Abstract—Bandwidth achieved from local/shared caches and memory is a major performance determinant in Graphics Processing Units (GPUs). These existing sources of bandwidth are often not enough for optimal GPU performance. Therefore, to enhance the performance further, we focus on efficiently unlocking an additional potential source of bandwidth, which we call as remote-core bandwidth. The source of this bandwidth is based on the observation that a fraction of data (i.e., L1 read misses) required by one GPU core can also be found in the local (L1) caches of other GPU cores. In this paper, we propose to efficiently coordinate the data movement across cores in GPUs to exploit this remote-core bandwidth. However, we find that its efficient detection and utilization presents several challenges. To this end, we specifically address: a) which data is shared across cores, b) which cores have the shared data, and c) how we can get the data as soon as possible. Our extensive evaluation across a wide set of GPGPU applications shows that significant performance improvement can be achieved at a modest hardware cost on account of the additional bandwidth received from the remote cores.

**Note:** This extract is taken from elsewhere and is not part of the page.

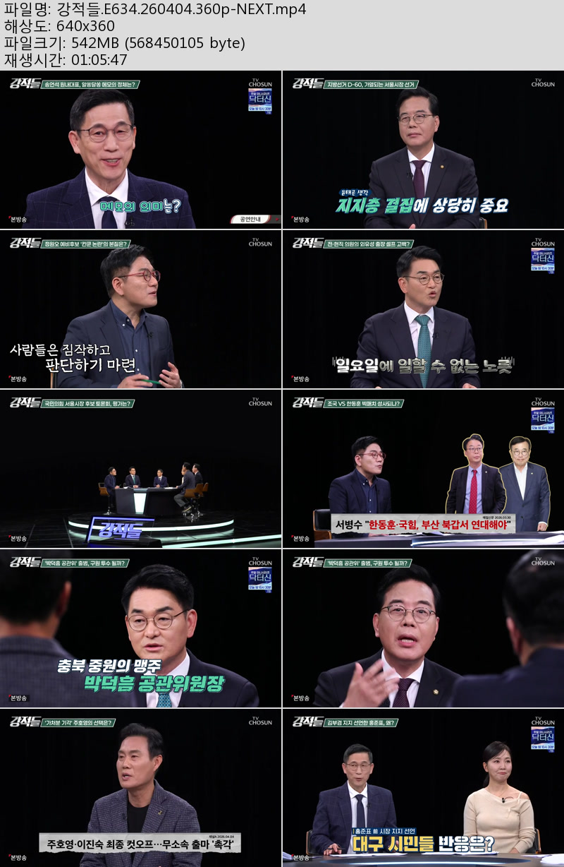 방송/동영상 강적들 E634 NEXT 강적들.E634.260404.360p-NEXT 우야쓰꼬 2026.04.24 6,277 542.1M 다운로드 1개 파일 강적들.E634.260404.360p-NEXT.mp4 542.1M 다운 추천 273 북마크 공유 목록 Tags 강적들 E634 NEXT
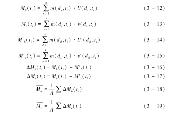 据式(3-6),ti时刻风沙两相流达到平衡状态,沙粒起跳可看作是典型冲击起动,设撞击颗粒群中粒径为ds颗粒的质量、水平速度和垂直速度分别m(ds),u(ds),v(ds),则撞击沙粒群的水平动量Mh(ti)和垂直动量Mv(ti)分别为式(3-12)和式(3-13),起跳沙粒粒径为dsl颗粒的质量、水平速度和垂直速度分别m(dsl),u′(dsl),v′(dsl),相应的水平动量M′h(ti)和垂直动量M′v(ti)分别为式(3-14)和式(3-15),令沙粒群碰撞过程水平动量损失ΔMh(ti)和垂直动量损失ΔMv(ti)分别为式(3-16)和式(3-17)。设风沙两相流输运的动态演化时间T内,所有典型冲击起动阶段对应的平均水平动量和垂直动量损失Mv分别为式(3-18)和式(3-19),其中Λ为时间T内纯粹冲击起动事件的次数。

#### Keywords-Bandwidth; GPUs; Network-on-Chip

## I. INTRODUCTION

Graphics Processing Unit (GPU) architectures are becoming an inevitable part of every computing system [1] because of their ability to provide orders of magnitude faster execution. They have become the default choice for accelerating innovations in various fields [2]-[10] such as highperformance computing (HPC), artificial intelligence, deep learning, and virtual/augmented reality. Traditionally, GPUs have relied on bandwidth to achieve high throughput [11]-[16]. However, the current sources of bandwidth such as local/shared caches, scratchpad, and memory are often not sufficient for achieving the peak GPU throughput [11], [17]-[21]. In this paper, we focus on dynamically identifying and exploiting an additional source of bandwidth in GPUs, which we call as remote-core bandwidth. The source of this additional bandwidth stems from inter-core locality [22]-[25] that allows the data required by one of the GPU cores (i.e., L1 read misses) to be also found in the local L1 caches of remote GPU cores. Our analysis shows that this additional source of bandwidth leads to significant improvement in performance, however, can only be leveraged if an efficient inter-core communication is enabled. However, there are several challenges towards designing efficient intercore communication, which have not been addressed by prior works. In particular, this paper addresses the following research questions.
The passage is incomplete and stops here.